The developers behind CSerialPort have taken great measures to provide an MFC class that supports the Win32 API functions on the Serial Port class. The following features are implemented using the MFC serial port abstraction layer for Win32 API:
Allows a thread to block (modifies the current state of the serial port).
The CSerialPort class can be used in applications using the MFC, and hence, no need for an MFC precompiled header. Another advantage of using an MFC precompiled header is that you can use the same class in applications of varying complexity and hence, can save time with installation of serial port drivers.
Designed for easy integration into an MFC application using the CSerialPort_MFC_EXTENSIONS preprocessor.
CSerialPortMFC is the MFC implementation of the CSerialPort Library (CSERIALPORT_MFC_EXTENSIONS preprocessor should be defined for the MFC precompiled header).
The class template CSERIALPORT_MFC_EXTENSIONS is the base of the class and is used to hook the MFC serial port abstraction layer. Note that this does not provide full support for serial port attributes such as the HANDLE_OPEN_PROTECTED set of functions which are present in the base CSerialPort library.
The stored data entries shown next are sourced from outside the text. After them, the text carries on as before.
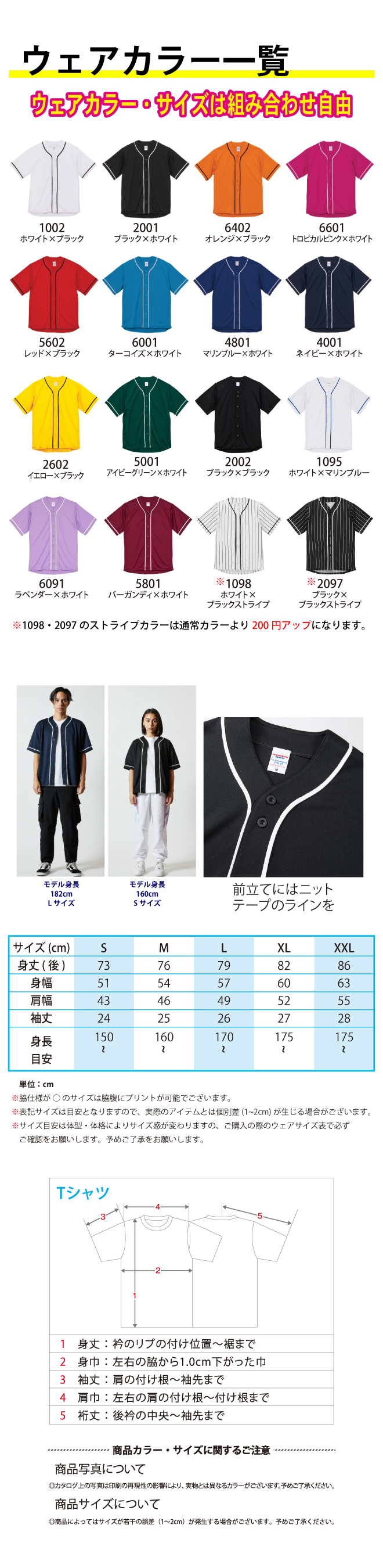 発色もきれいな5サイズ展開はチームウェアに最適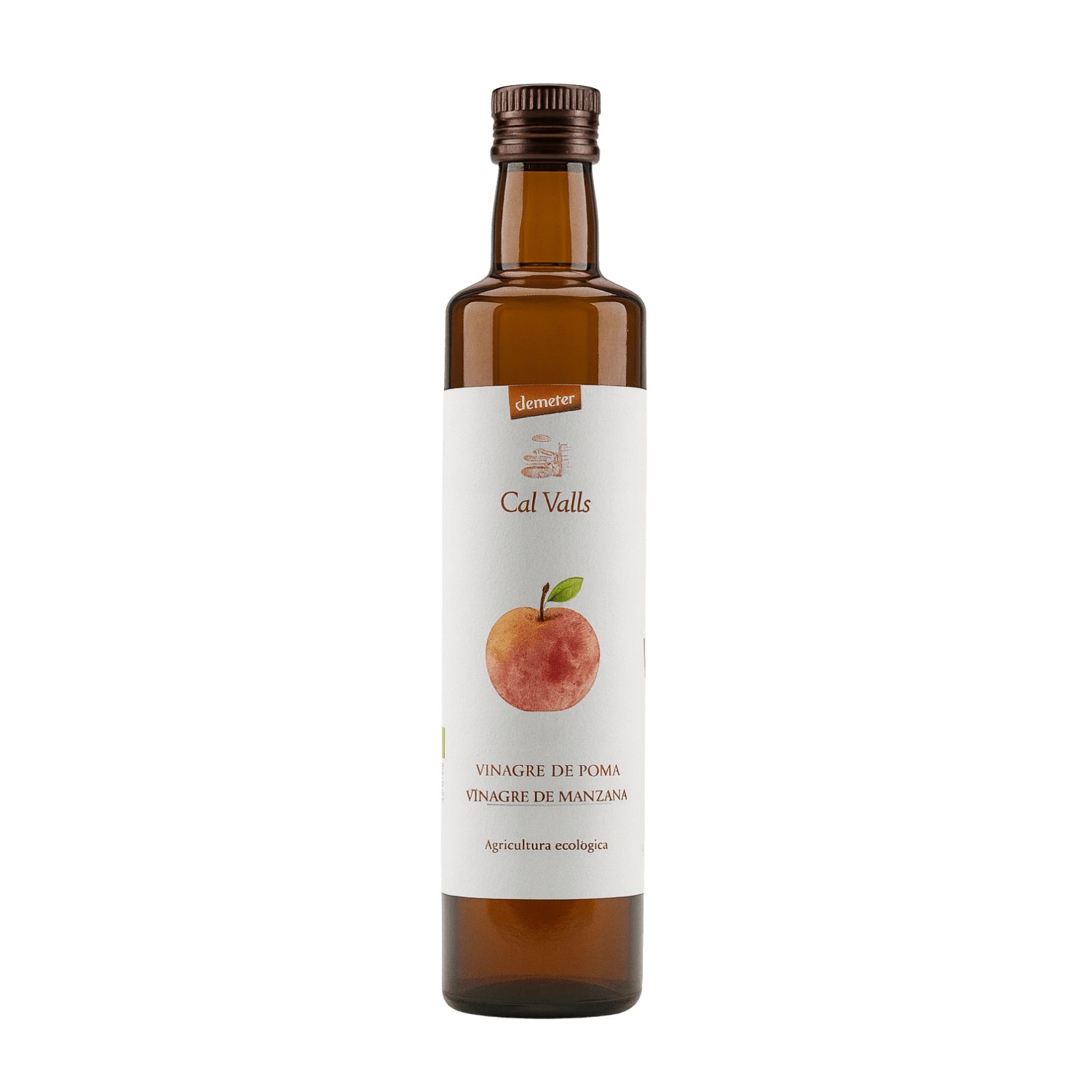 El Vinagre de Sidra de Manzana Eco/Demeter de Cal Valls es un vinagre artesanal, crudo, sin filtrar y sin pasteurizar. Se produce mediante la fermentación lenta y tradicional del zumo de manzanas frescas ecológicas de Lleida. Conserva la "madre del vinagre" —una sustancia turbia natural compuesta por bacterias y enzimas beneficiosas—, lo que garantiza todas sus propiedades naturales.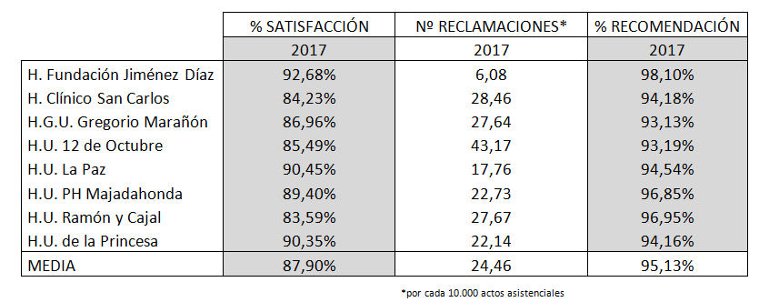 Así, en 2017 el índice de satisfacción de la Fundación Jiménez Díaz se situaba en el 92,68%, 4,7 puntos por encima de la media de su grupo y a más de 2 puntos por encima del segundo, La Paz. Por su parte, el índice de reclamaciones era del 6,08 por cada 10.000 actos asistenciales, 18,38 reclamaciones menos que la media del grupo de hospitales de alta complejidad y 11,68 menos que el segundo, La Paz. Por último, obtiene la puntuación más alta en cuanto a recomendación, un 98,10%, 3 puntos por encima de la media y 1,15 puntos por encima del siguiente, en esta caso, el Ramón y Cajal.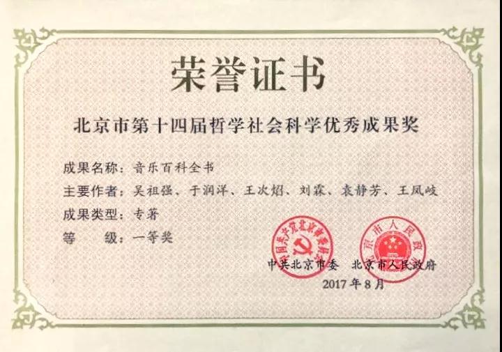 教育部人文社会科学重点研究基地重大项目之一,并由中国大百科全书出版社出版的77779193永利集团《音乐百科全书》于2017年8月荣获“北京市第十四届哲学社会科学优秀成果奖”颁发的一等奖。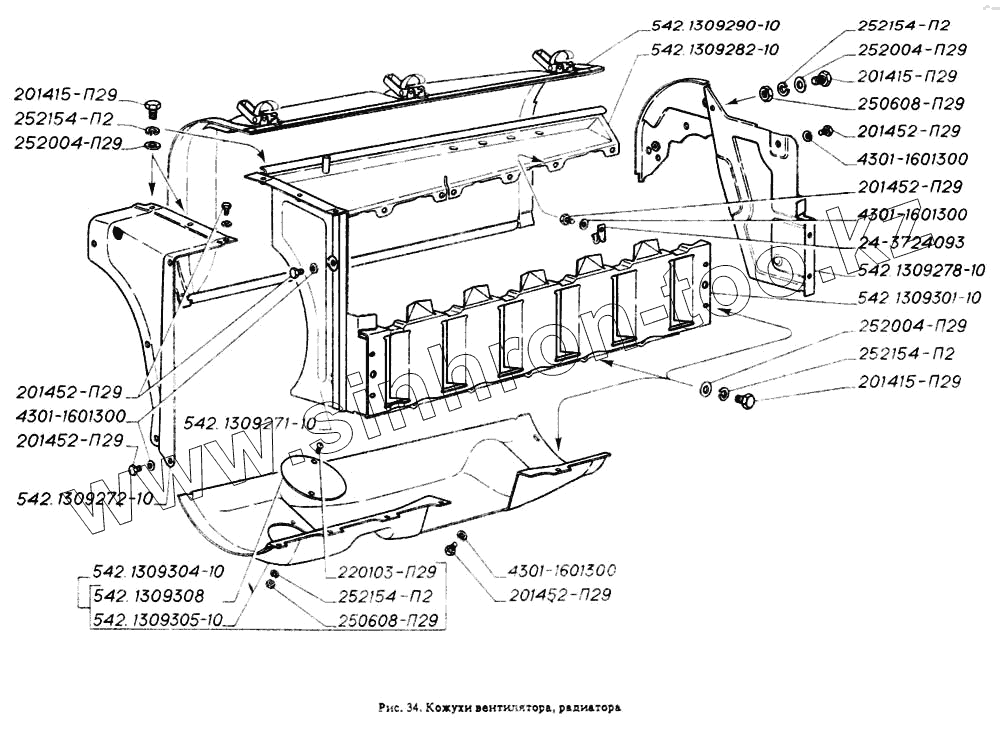 Каталог запасных частей к технике: ГАЗ-4301. Кожухи вентилятора, радиатора

It is designed to expose a subset of this functionality to MFC.
The class template CSerialPort_MFC is derived from the CSERIALPORT_MFC_EXTENSIONS and implements the following methods.
ReadString method converts the received string to an std::string and returns the result.
ReadInt8/16/32/64 method converts the received string to the specified data type, returns the converted data and raises an exception when the conversion fails.
WriteInt8/16/32/64 method converts the specified data to the string and returns the result.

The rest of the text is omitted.